Lloyd, who himself completed a certificate in carpentry at the institution, said he has the utmost respect for BTVI. He said any society would come to a halt without a copious cohort of technicians, and that it is the intention of the government to increase investment in TVET.

BTVI’s New Providence campus graduated 210 students from various trades, including auto mechanics, carpentry, electrical installation, fashion, business office technology and heating ventilation and air conditioning (HVAC).

The education minister said that as the economy further develops, the labor market is becoming even more specialized, and, as a result, there is an increased demand for employees with specific skills training.

“Many of you graduates will soon be called upon to fill some of these needs and I am sure that your training at BTVI has provided you with confidence, expertise and overall preparedness,” said Lloyd.

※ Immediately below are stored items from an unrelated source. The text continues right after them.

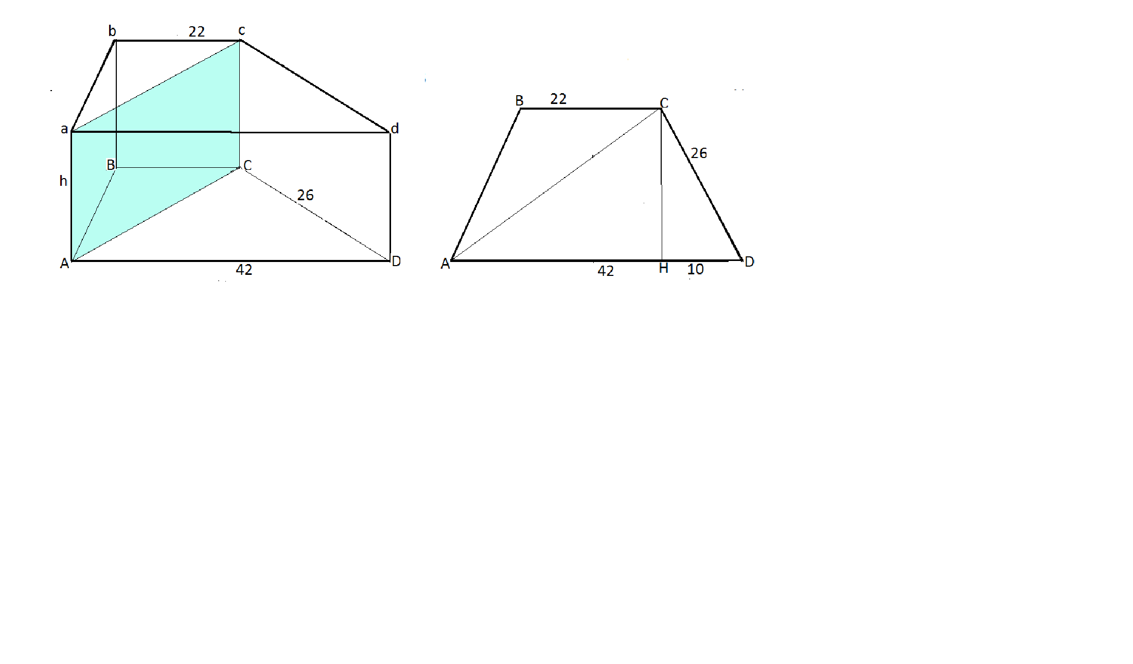 основание прямой призмы является равнобедренная трапеция, боковая сторона которой равно 26 см, а основание равны 22 см и 42 см . Площадь её диагонального сечения составляет 400 см. квадрт. Вычислить площадь полной поверхности призмы.
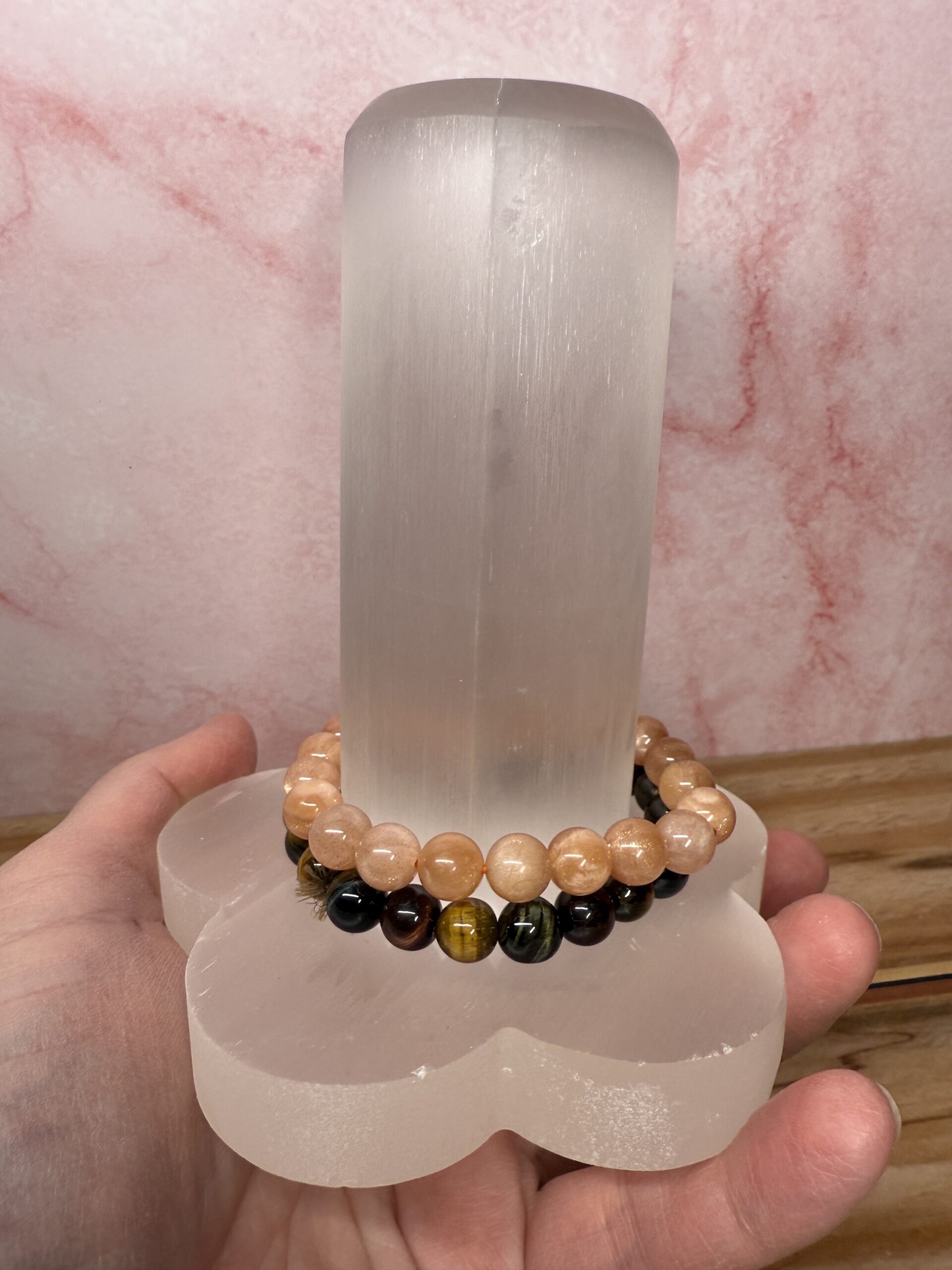 This handy satin spar (often mislabelled as Selenite which is from the same family but a slower growing and more expensive material- both have similar metaphysical properties) bracelet holder is ideal for cleansing your bracelets, ready to wear the next day.
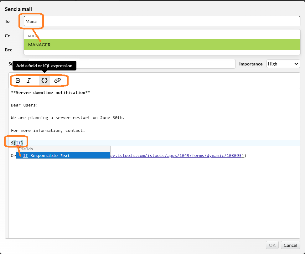 You will be able to use this modern and user-friendly interface when you use the actions “Send a notification”, “Send a mail” and “Send an SMS” in the Rules manager, providing you with autocompletion to instantly find matching contacts, fields, or IQL expressions as you type, reducing errors and speeding up your configuration, among other benefits.
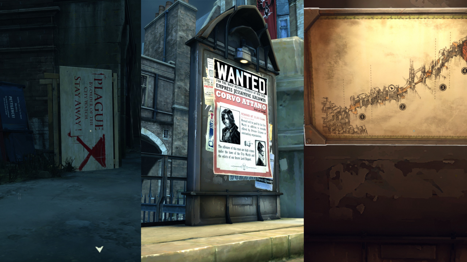 В Dishonored можно встретить большое количество говорящих деталей. Одними из самых интересных являются вывески о заражении крысиной чумой, что помогает понять, что рядом могут находиться крысы или зараженные (Рис. 1). Вывески о том, что разыскивается главный герой объясняет, почему стража постоянно враждебно настроена на игрока (Рис. 2). Вывеска с картой, которые можно встретить в городе, дает представление о прогрессе игрока (Рис. 3).
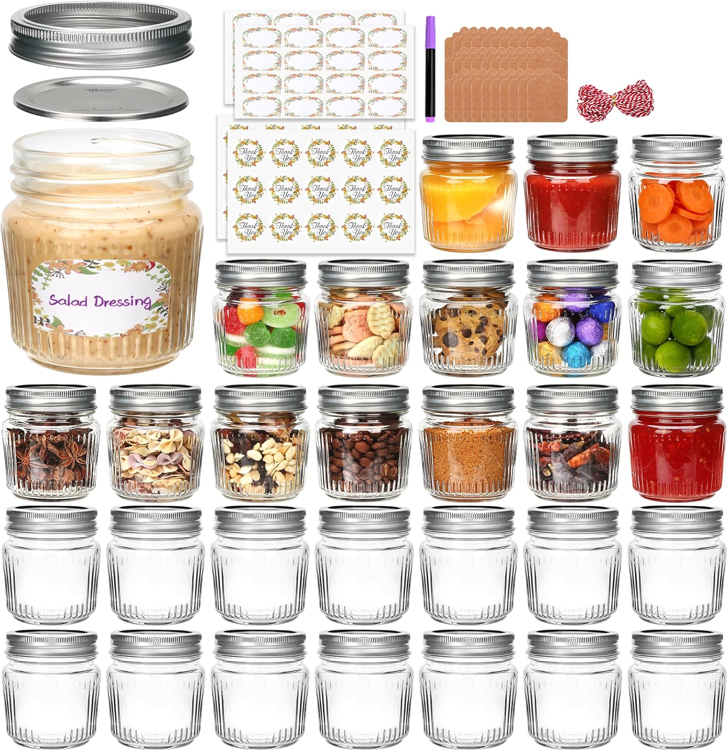 8 oz Mason Jars with Lids,30 Pcs Small Glass Jars with Lids,Stylish Striped Design Canning Jar for Food Freshness, Multipurpose for Jam, Candy, DIY, Honey, Pickles, Spice,Home Storage and Gifting
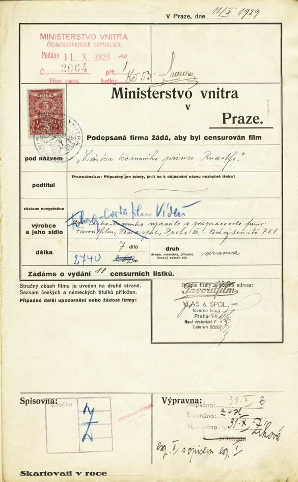 Beskrivelse: Film distributing company applies for censoring of the film "Láska korunního prince Rudolfa". The film was completely interdicted.
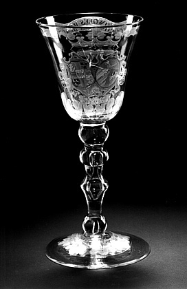 Helder kleurloos glas. Conische voet. Basisknoop met langgerekte luchtbel. Dubbele balusterstam met twee knopen en langgerekte luchtbel. Conische, licht uitbuigende kelk met afgeronde basis. Op kelk in radgravure het alliantiewapen Alewijn-Van Hoorn in een cartouche-omlijsting, waarboven een gravenkroon. Op andere zijde een tekstlint met het opschrift: NOORD WOLFS BERGEN/. Rondom basis kelk en voet gestileerde bladeren. Gepolijste details.

With that, Lloyd said it is the government’s intention to increase investment in TVET in high schools in the near future.

“When that comes into existence, it is my hope that eventually students entering BTVI would already possess enough of the basics in their technical areas from the high school and middle school, so by the time they come to BTVI, they come to master those skills,” said Lloyd.

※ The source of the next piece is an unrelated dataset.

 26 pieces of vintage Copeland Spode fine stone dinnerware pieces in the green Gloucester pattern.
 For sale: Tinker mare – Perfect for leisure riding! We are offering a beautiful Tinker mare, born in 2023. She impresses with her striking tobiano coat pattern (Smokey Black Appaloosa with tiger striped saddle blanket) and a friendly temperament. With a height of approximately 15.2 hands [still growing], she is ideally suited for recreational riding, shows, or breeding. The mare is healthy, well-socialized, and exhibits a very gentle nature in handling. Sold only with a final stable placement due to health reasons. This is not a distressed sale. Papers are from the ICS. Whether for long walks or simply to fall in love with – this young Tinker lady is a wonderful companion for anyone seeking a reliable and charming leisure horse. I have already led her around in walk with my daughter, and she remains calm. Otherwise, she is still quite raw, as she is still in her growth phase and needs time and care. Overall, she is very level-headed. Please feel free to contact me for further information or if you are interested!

BTVI President Dr. Robert W. Robertson said during his address that the institution is preparing the next generation of innovators.

“This falls in line with the thrust to bolster human capital outcomes. A skilled workforce supports economic growth and a better quality of life for our people. Hence, BTVI is key to providing skilled labor. Class of 2017, your skills are critical to the development of the Bahamian economy,” said Dr. Robertson.

Fulbright scholar and entrepreneur Dr. James (Jim) Dever from Florida State University lauded BTVI for experiential learning, which he said is the purest form of education.

Dr. Dever encouraged the graduates to fine-tune their skill sets by making learning a lifelong pursuit and to consider opening their own businesses.

“Set yourselves apart, and please use your talents. You have proven you have the brains. Find your competitive edge, but never chase money. With success comes money,” he said.

The New Providence and Grand Bahama commencement ceremonies were powered by Aliv. Aliv recently entered into a three-year, $30,000 partnership with BTVI that will assist with the school’s commencement exercises into 2019.

Aliv provided $10,000 for this month’s graduation exercises on New Providence and Grand Bahama, as well as graduate of excellence cash awards for the top students on both islands. The awardee for New Providence was fashion student Dellrene Thompson and on Grand Bahama, office assistant student Katushka McIntosh, both of whom were awarded $500.

The Faculty Excellence Award went to Anthony Ramtulla.